Once the module is configured and extractors are enabled, they will act on every file as you add it to an item or as an asset. The module will automatically:

  • Extract metadata from the file using enabled extractors
  • Save the metadata alongside the media
  • Map metadata to media values if a mapper is enabled.

You can view the extracted metadata on the media pages, on the "Extract metadata" tab.

Editing media and items

A user can edit media metadata attached to items by directly editing the individual item or by using the batch-edit functions.

Editing items

When editing a media/item, a user can choose to perform a number of actions, accessed through the Extract Metadata tab on the Item edit view. Select one of the four options from the dropdown menu.

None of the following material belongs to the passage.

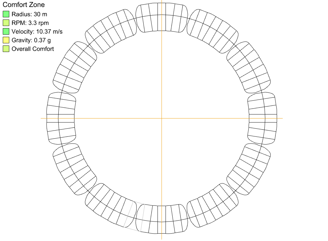 This is a proposal for a speculative artificial gravity space station. The intent is to provide a practical, modular construction system built on ISS heritage: 12 nearly identical modules fabricated and outfitted on Earth then launched in a rocket fairing. Each module is a mix of aluminum and fabric pressure vessel, with rigid rings connected by shaped fabric sections to enable a curved overall module form that aligns the interior floor of each section with the spinning station’s gravity vector. The primary contiguous floor is at a 30-meter radius, creating an approximate apparent Martian gravity of 0.37g at a rotational velocity of 3.3 rpm, but other gravity regimes are possible as well. A deployable, integrated truss structure supports solar arrays, radiators, and a tunnel connecting the central core module to three of the radial modules.
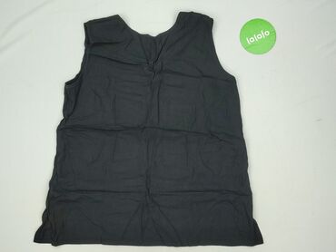 Czarna bluzka bez rękawów - Krój: prosty, lekko luźny, z marszczeniem/zakładką na środku przodu i pionową zakładką na plecach - Dekolt: okrągły, wykończony szeroką listwą - Długość: do bioder - Ma...

  • Refresh metadata: (re)extract metadata from files
  • Refresh and map metadata: (re)extract metadata from files and map metadata to resource values
  • Map metadata: Map extracted metadata to resource values
  • Delete metadata: Delete extracted metadata.

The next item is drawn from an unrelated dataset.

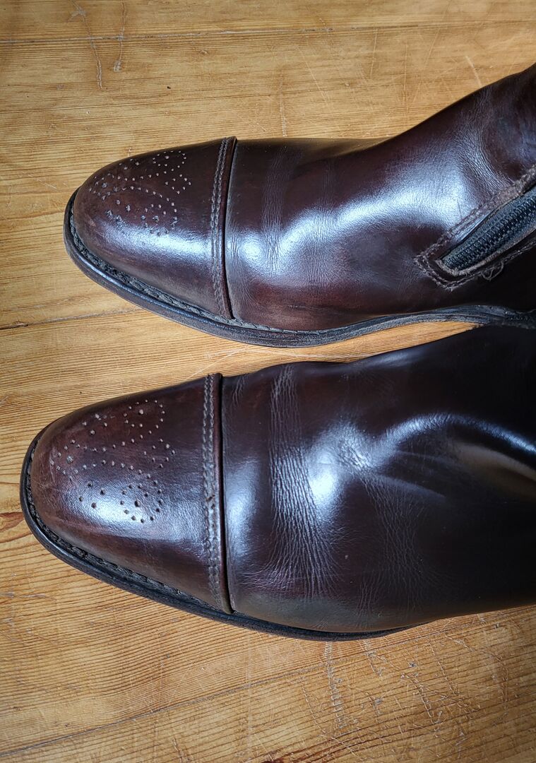 Wymiary: na zewnątrz, w tym łuk 57, od kolana do pięty 49 i szerokość przy zapiętym zamku 41 (przybliżone wymiary). Były noszone w rozmiarze 39-40.

Item edit view with the Extract metadata tab active and the actions dropdown menu open

Be sure to click the "Save" button in the top right corner of the screen to execute the selected action.

Batch editing

From the Items Browse screen, select the items you would like to batch edit. From the batch edit page, you can select any of the four action options from the "Extract metadata" dropdown menu. This will perform the action on all items selected for inclusion in the batch edit.

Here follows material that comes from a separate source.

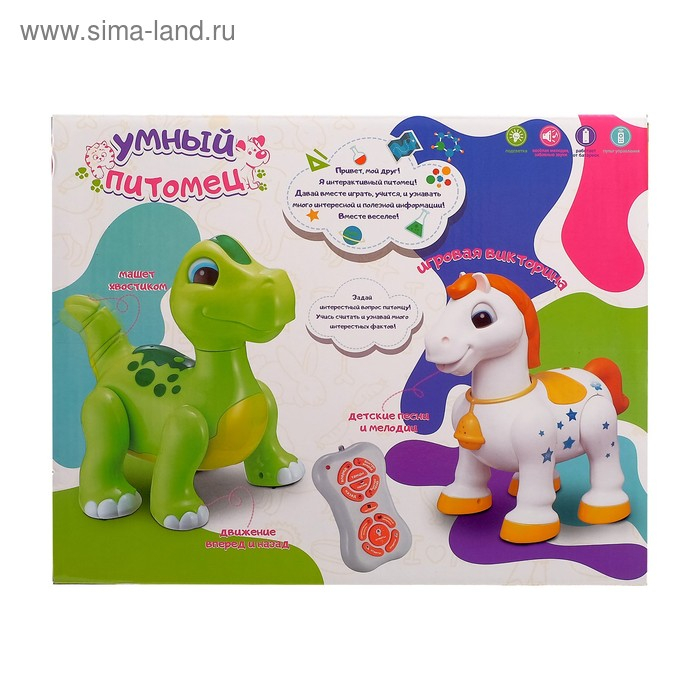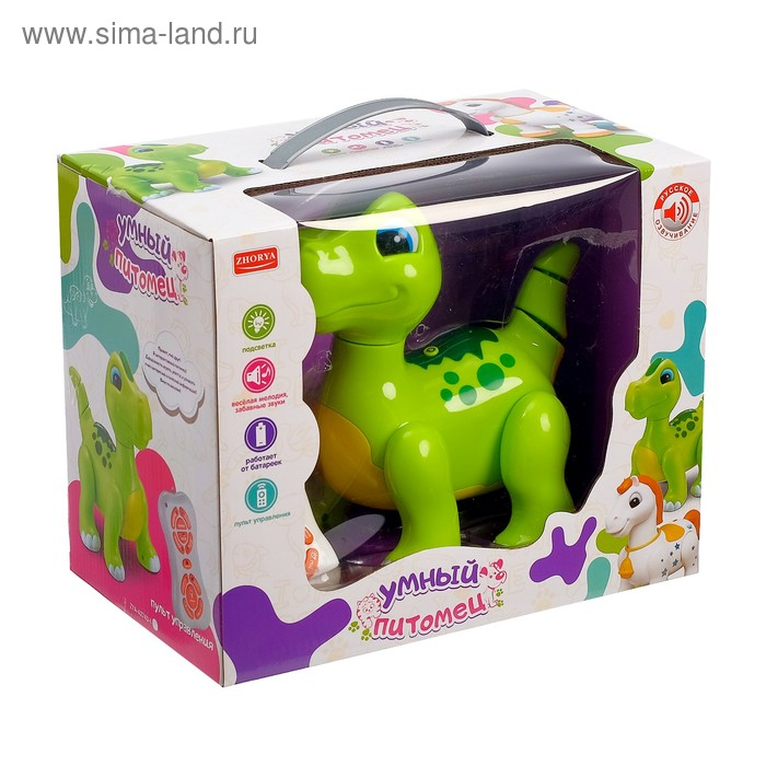 Робот динозавр «Умный питомец» ZHORYA, программируемый, на пульте управления, интерактивный: звук, свет, на батарейках, на русском языке

Batch edit view with Extract metadata dropdown open

Extractors

Extractors extract metadata from files. Note that extractors must be enabled on the module configuration page. This module comes with four extractors, but more can be added depending on your need. Your server may already have support for these utilities, but if you are having trouble, double-check to see if the dependency is installed.

ExifTool

Used to extract many types of metadata from many types of files. Requires the ExifTool command-line application.

Exif

Used to extract EXIF metadata that is commonly found in JPEG and TIFF files. Requires PHP's exif extension.

getID3

Used to extract many types of metadata from many types of files. Uses the getID3 PHP library, which comes with this module.

Tika

Used to extract many types of metadata from many types of files. Requires the Apache Tika content analysis toolkit. Java must be installed and the path to the tika-app-*.jar file must be configured in config/module.config.php under [extract_metadata_extractor_config][tika][jar_path].

Mappers

Mappers map extracted metadata to resource values. Note that a mapper must be enabled on the module configuration page. This module comes with one mapper. Best practice for using this module with other mappers would be to fork the module code; see our developer documentation for more details.

JSON pointer

You can map extracted metadata to media metadata properties using JSON pointers. You must define your own metadata crosswalk in the module configuration page under the "JSON Pointer crosswalk" tab.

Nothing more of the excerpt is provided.